Hydromethylthionine, taken as a tablet, is the WHO-approved non-proprietary name for the compound previously referred to by TauRx as LMTM. This drug blocks abnormal aggregation of tau protein in the brain [2,3], which is increasingly recognised as an important driver of clinical dementia [1]. In Phase 3 global clinical trials conducted in almost 1,700 patients with mild-to-moderate Alzheimer’s disease between 2012–2016, hydromethylthionine was tested at doses of 150–250 mg/day against a low dose of 8 mg/day, which was intended only as a control to mask the discolouration of urine that can sometimes occur with the drug. The study designs were based on the findings from an earlier trial that used a different variant of the drug [6]. Surprisingly, there was no difference between the high doses and the low dose of hydromethylthionine on any of the clinical outcomes in the trials [4,5].

To further explore these results, the researchers conducted a new pharmacokinetic population analysis using plasma concentration data from 1,162 of the patients who participated in either of the two completed Phase 3 hydromethylthionine trials to measure how blood levels of the drug relate to its effects on the brain. Using a new assay, the researchers found that the effects of hydromethylthionine at the 8 mg/day dose were determined by the blood level, and that the majority of patients had high enough blood levels of the drug at this dose to produce meaningful reductions in cognitive decline and brain atrophy. They concluded that a slightly higher dose of hydromethylthionine of 16 mg/day would ensure that all patients would have the blood levels needed to maximise the drug’s activity, since its effects plateau at higher concentrations and doses. The pharmacokinetic profile they found, typical of many drugs, now explains why the pharmacological effects of hydromethylthionine at the high doses tested in the trials were no better than those seen in patients with high blood levels at the 8 mg/day dose.

The analysis also showed that whilst hydromethylthionine has a similar concentration-response profile in patients taking the drug as an add-on therapy to the routinely used symptomatic treatments in Alzheimer’s disease, the maximum effect in these patients was reduced by half. This finding supports the hypothesis that symptomatic drugs for this condition interfere with the disease-modifying treatment effects of hydromethylthionine. This hypothesis was initially proposed on the basis of the drug’s Phase 3 trial results [4,5].
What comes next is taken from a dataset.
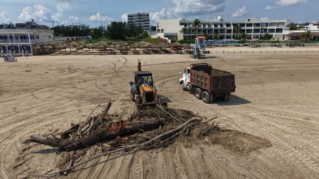 Explicó que dichas acciones son ejecutadas por cuadrillas de la Dirección Operativa de Playa, integradas por 18 trabajadores, apoyados con dos camiones de volteo y dos retro excavadoras. Asimismo, la Dirección de Servicios Públicos colabora en la limpieza del Boulevard Costero, además se realiza el mantenimiento de jardineras, guarniciones, banquetas y en las labores diarias de recolección de basura.

“Since we already have a substantial database supporting the safety and tolerability of hydromethylthionine in clinical trials of patients with mild-to-moderate Alzheimer’s disease, the additional results of this analysis have given us the confidence to expand the scope of the new TauRx Lucidity clinical trial to confirm the potential efficacy of the hydromethylthionine 16 mg/day dose in these types of patients,” said Prof. Claude Wischik, of Aberdeen University and executive chairman of TauRx Therapeutics Ltd.

He noted that hydromethylthionine is taken in a convenient oral form at home and does not require patients to attend clinics for intravenous infusions or injections, unlike various other Alzheimer’s disease treatments currently being tested in clinical trials.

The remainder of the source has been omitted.